GofStats with scalar array fields.


glmax.Influence(glmax.AbstractDiagnostic) ¤

Leverage and Cook's distance via Cholesky-based hat-matrix computation.

Recomputes \(\operatorname{chol}(X^\top W X)\) from the fitted weights, where \(X\) is the design matrix and \(W\) is the diagonal matrix of working weights. It does not rely on the Cholesky factor from IRLS because that factor is not persisted in glmax.FitResult.

__init__(self) ¤

Initialize self. See help(type(self)) for accurate signature.

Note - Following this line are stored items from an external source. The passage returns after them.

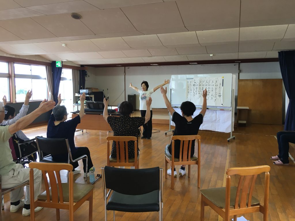 令和元年7月16日(火)10時から、山形市西山形コミュニティセンターで、「遊びり会」が開催されました。今年度から音楽療法を取り入れて心と体のリハビリを体験されているとのことです。会場は西山形コミュニティセンターで、山形市内の西部に位置し、標高も中心部より高くて、山形市内がきれいに見渡せる素敵な場所でした。
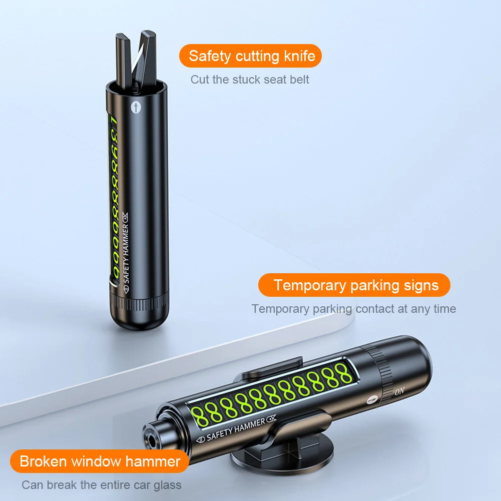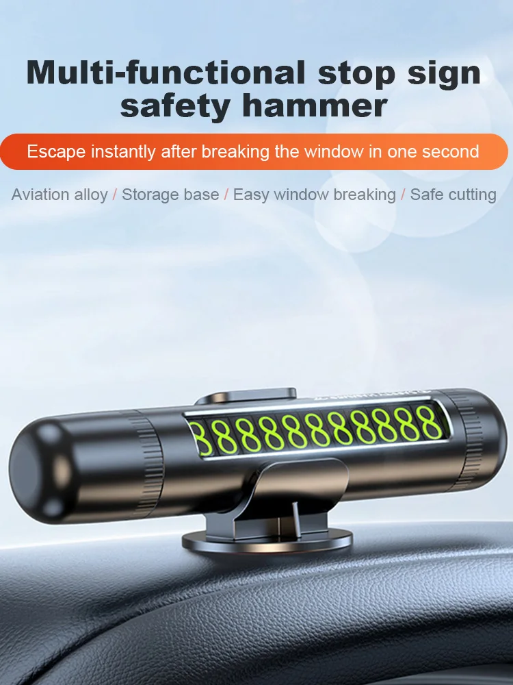 5. Multiple Reusable Number Stickers: The escape emergency hammer includes multiple sets of number stickers, allowing you to customize combinations according to your preference. These magnetic number stickers can be reused and are . The temporary parking card features a rotating closure design, which allows you to hide the numerical code. The detachable base can also be stored in a drawer or cabinet for safekeeping.
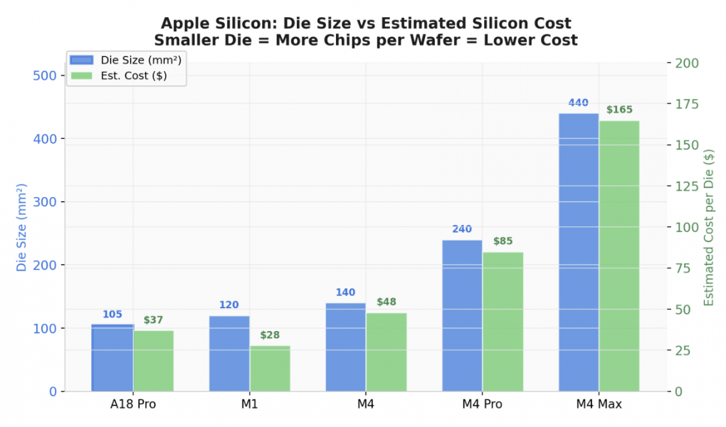 相比之下,M4 芯片面积约为 140 平方毫米,可生产约 430 个芯片;M4 Max 芯片面积约为 440 平方毫米,可生产约 130 个芯片。A18 Pro 芯片的原始的晶圆成本约为 M4 的三分之一,M4 Max 的四分之一。
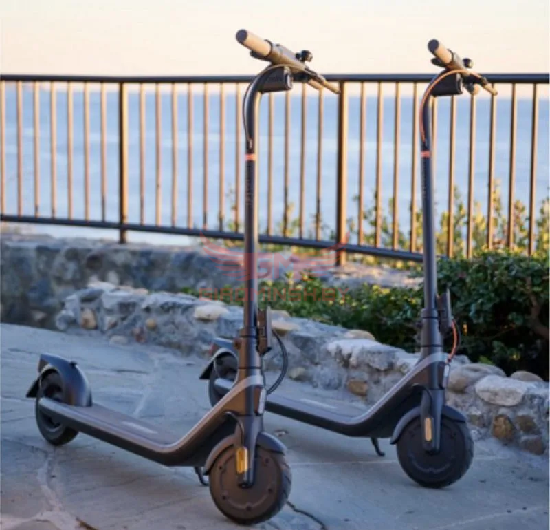 Безвоздушные литые шины. Ninebot KickScooter E2 получил новые безвоздушные литые шины диаметром 8,1 дюйма. В отличие от достаточно жёстких цельнолитых покрышек предыдущего поколения, в новинке предусмотрены полости, за счёт которых обеспечивается амортизация во время движения. Такие шины не боятся проколов, их не нужно подкачивать и вообще они не требуют никакого обслуживания!
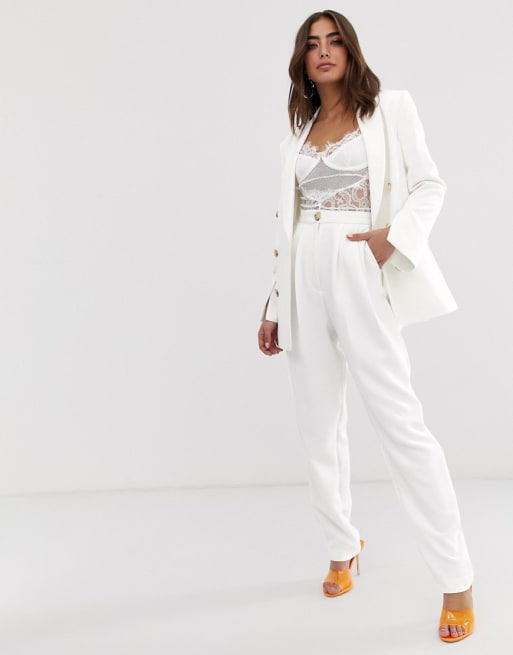 ASOS DESIGN – Anzug mit Blazer und Karottenhose in Weiß
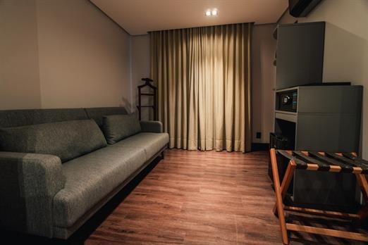 Acomoda até 2 pessoas em cama de casal King Size e 1 crianças no sofá cama;
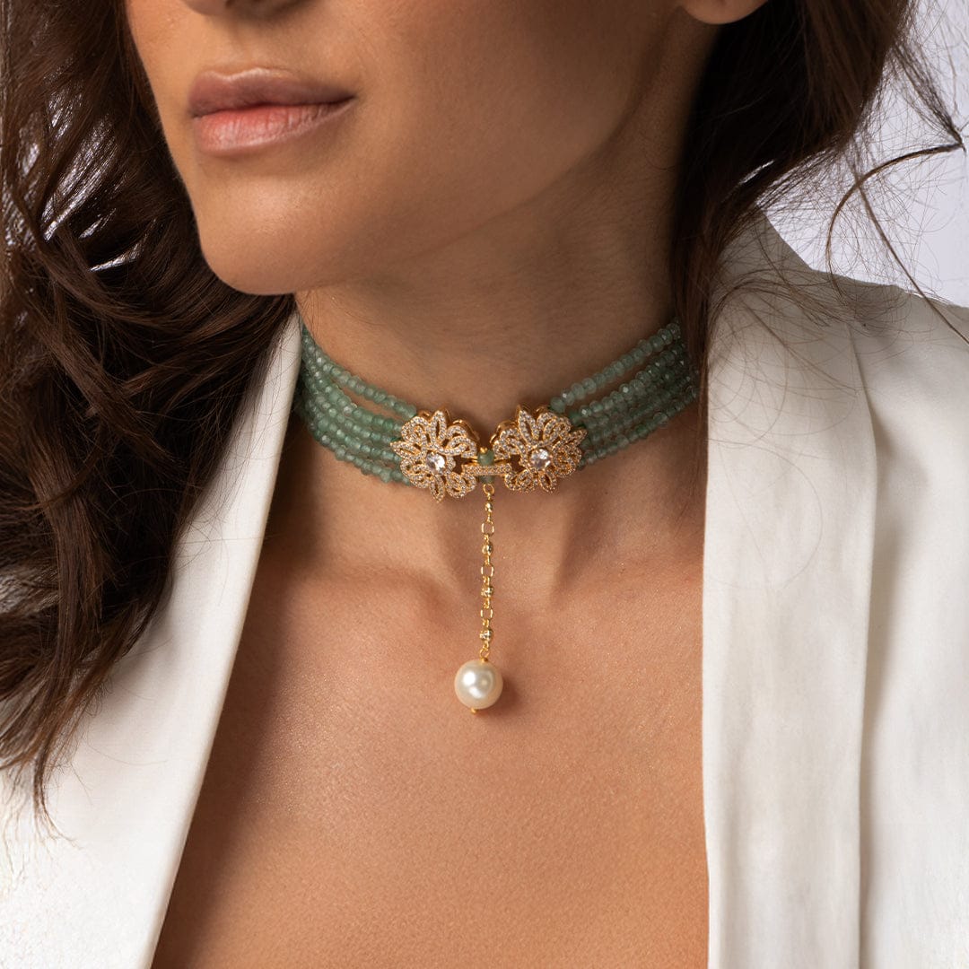 Add Polki-Pearl Exquisite Choker Necklace Set to the cart
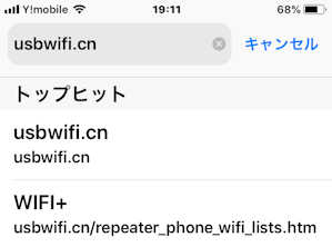 iPhone の Safari はうまく動作しました。 - "usbwifi.cn"と入力しても設定インターフェースを開く事ができない場合は、"usbwifi.cn"の代わりに直接
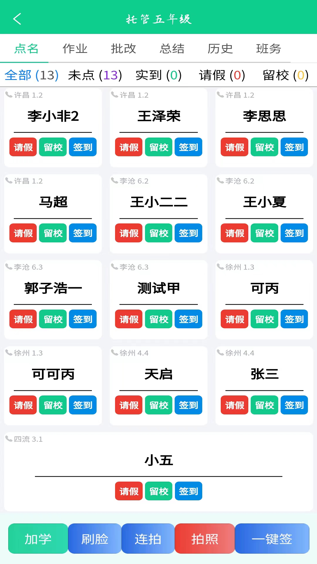 1、支持校门口刷脸、拍照、一键签等多种点名方式,实时记录学生签到、请假、留校情况。
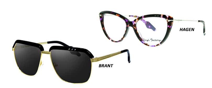 Les lunettes solaires « Mike Brant », un modèle aviateur rétro, rendent hommage à la légende du rock des années 1970 qui nous a envoûtés avec sa musique et ses yeux d–ange, alors que « Hagen », une monture rétro en acétate pour femmes, évoque la déesse du punk-rock Nina Hagen.
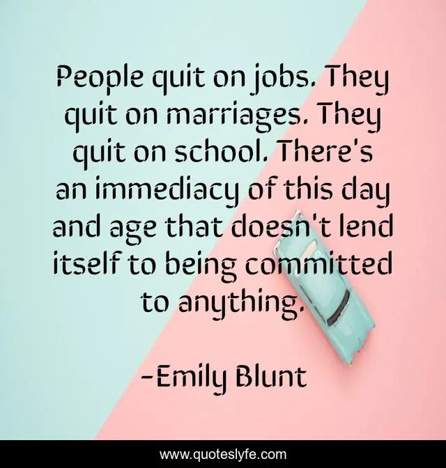 This page presents the quote "People quit on jobs. They quit on marriages. They quit on school. There's an immediacy of this day and age that doesn't lend itself to being committed to anything.". Author of this quote is Emily Blunt. This quote is about school, day, people,.
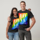 This Pride T-shirt is decorated with LOVE IS LOVE in bold white letters on a watercolor rainbow background of red, orange, yellow, green, blue, and purple. Original Watercolor © Michele Davies.

diagnose(self, fitted: glmax.FittedGLM) -> glmax.InfluenceStats ¤

Compute leverage and Cook's distance.

The leverage values are the diagonal elements \(h_{ii}\) of the hat matrix. Cook's distance is computed from \(h_{ii}\), the Pearson residual, and the coefficient count \(p\).

Arguments:

Returns:

InfluenceStats with leverage and cooks_distance, each shape (n,).

Diagnostic results¤

glmax.GofStats ¤

Goodness-of-fit statistics for a fitted GLM.

All fields are scalar JAX arrays. Pytree-compatible.

Fields:

  • deviance: total deviance \(D = \sum_i d_i\), where \(d_i\) is the deviance contribution for observation \(i\).
  • pearson_chi2: Pearson chi-squared statistic \(\chi^2 = \sum_i (y_i - \mu_i)^2 / V(\mu_i)\).
  • df_resid: residual degrees of freedom \(n - p\), where \(n\) is the number of observations and \(p\) is the number of coefficients.
  • dispersion: fitted dispersion estimate \(\hat{\phi}\).
  • aic: Akaike information criterion \(\mathrm{AIC} = -2 \ell + 2p\), where \(\ell\) is the fitted log-likelihood.
  • bic: Bayesian information criterion \(\mathrm{BIC} = -2 \ell + p \log n\).
__init__(self, deviance: Array, pearson_chi2: Array, df_resid: Array, dispersion: Array, aic: Array, bic: Array) ¤

Initialize self. See help(type(self)) for accurate signature.

glmax.InfluenceStats ¤

Per-observation influence statistics.

Fields:

  • leverage: hat-matrix diagonal \(h_{ii} \in (0, 1)\), shape (n,).
  • cooks_distance: Cook's distance \(D_i \geq 0\), shape (n,), where \(D_i\) measures the influence of observation \(i\) on the fitted coefficient vector.
__init__(self, leverage: Array, cooks_distance: Array) ¤

Initialize self. See help(type(self)) for accurate signature.